The graph in the previous slide was made using this code:

mod = lm(Ozone ~ Temp, data = air_quality)
x = air_quality$Temp; y = air_quality$Ozone

xax <- list(title = "Temp (F)",
            titlefont = list(family = "Modern Computer Roman")
            )
yax <- list(title = "Ozone",
            titlefont = list(family = "Modern Computer Roman")
            )

fig <- plot_ly(x=x, y=y, type="scatter", mode="markers",name="data",
               width=800, height=430) %>%
  add_lines( x=x, y=fitted(mod), name="fitted") %>%
  layout(xaxis = xax, yaxis = yax) %>%
  layout(margin=list(
    l=150,
    r=50,
    b=20,
    t=20
    )
  )

config(fig)

ggplot2

  • To get a better understanding of the data, we can also check the months the different data points are from
`geom_smooth()` using formula = 'y ~ x'

LR model with 0.99 Confidence

  • This is the linear regression model shown when there is a 99% confidence interval added through ggplot.

  • In this graph, the grey area around the linear equation line is supposed to show the range of Ozone value with 99% confidence.

  • Using this, we can more accurately understand what Ozone values are likely at a certain Temp.

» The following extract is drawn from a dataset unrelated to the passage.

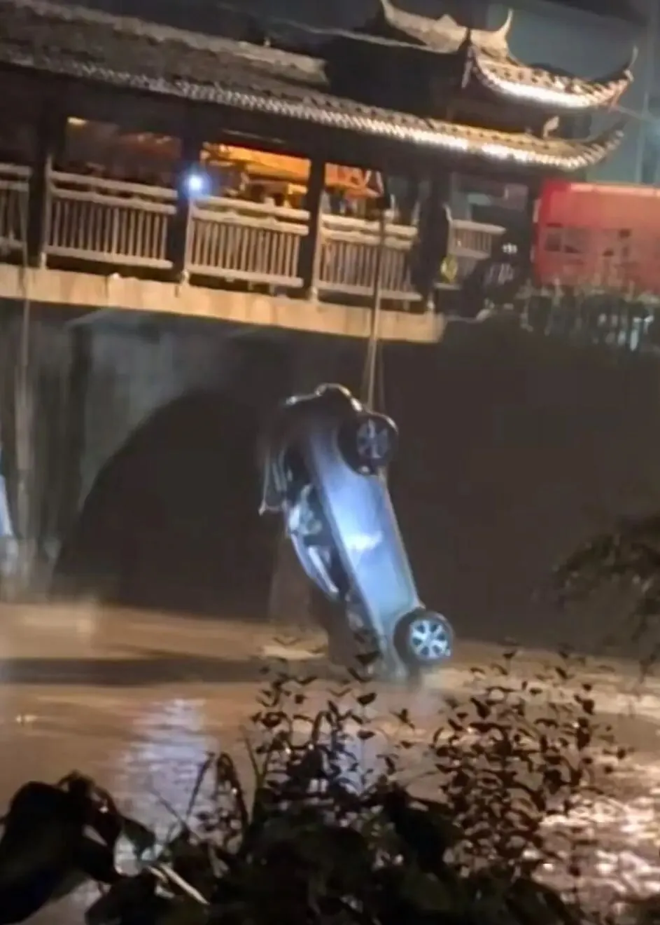 监控拍下汽车坠河瞬间画面。监控画面显示,汽车右拐后突然加速,撞毁柱子与护栏坠河。此前,长汀县气象局发布暴雨蓝色预警。目击者说,河道水流湍急,救援难度大。报警后消防、公安等部门人员陆续到场,确认车辆位置后开展救援,家属当晚也陆续到现场。打捞车辆。图源:极目新闻
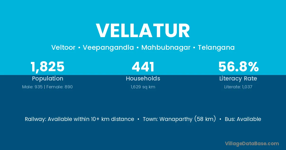 The literacy rate of Vellatur village is 43.12%. Male literacy stands at 49.41% and female literacy at 36.91%.

`geom_smooth()` using formula = 'y ~ x'

Summary

  • If you have a relatively linear relationship between two values in a data set, you can reasonably predict one of the values given the other using simple linear regression.
  • In this presentation, we have the two variables Temp and Ozone, and we used Simple Linear Regression to use the Temp to predict the Ozone using the equation:

\[\text{Ozone} = \hat{\beta}_0 + \hat{\beta}_1 \cdot \text{Temp}\]